Les échelles d’évaluation des risques prédisent mal l’ulcération de pression

Les échelles d’évaluation des risques prédisent mal l’ulcération de pression

Editor — Plusieurs questions fondamentales entourant l’utilisation des échelles de risque de pression sont soulignées par l’article de Schoonhoven et al.1 Ces échelles sont de mauvais prédicteurs du développement des escarres. encouragés à les utiliser pour respecter le programme de gouvernance clinique. Les lignes directrices de l’Institut national d’excellence clinique recommandent leur utilisation comme aide-mémoire, ce qui ne devrait pas remplacer le jugement clinique.2 Les infirmières ne devraient pas compter sur ces échelles, mais elles offrent au moins un cadre d’évaluation, contrairement jugement clinique. Les résultats de l’étude de Schoonhoven et al. Montrent que ces outils peuvent avoir une certaine valeur pour détecter les patients qui développeront des escarres, mais avec un nombre élevé de réponses faussement positives. Cela a des implications sur les ressources pour les patients qui ne développeront pas. ulcération de pression.
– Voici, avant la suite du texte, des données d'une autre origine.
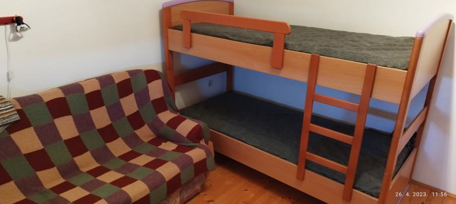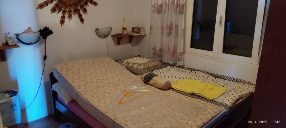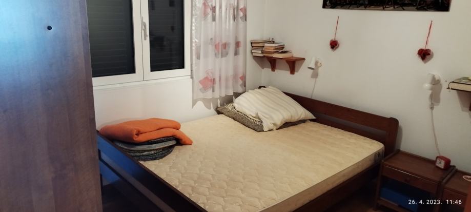 Dvije spavaće sobe, kupatilo i wc, kuhinja s dnevnim boravkom, terasa, ostava, PVC prozori, klima uređaj, termo peć. ODMAH USELJIVO.

En utilisant l’échelle de Braden, nous calculons que 728 des 2190 semaines de patients (33 %) nécessiteraient des mesures pour prévenir 59 ulcères (en supposant que 100 % succès dans ceux identifiés). Cela permettrait également d’identifier 76 patients qui ne recevraient aucune prévention mais qui développeraient une ulcération de pression. Bien que l’identification des patients à haut risque soit importante, il est également essentiel de disposer de preuves solides sur la valeur des différentes stratégies de soulagement de la pression. Peu d’essais de qualité sur l’utilisation du soulagement de la pression ont été rapportés dans la littérature. Un essai d’un matelas de soulagement de la pression chez les patients à haut risque a réduit l’incidence d’une semaine de 65 à # x00025; Ces essais sont rares, et même avec des soins optimaux, un quart des patients ont encore développé une ulcération.3 Avec des changements démographiques, une sortie plus précoce de l’hôpital, une menace de litige et une dépendance toujours plus grande aux services communautaires, les infirmières et les cliniciens auront besoin de preuves plus solides pour soutenir leur prise en charge des patients à risque de développer un ulcère de pression.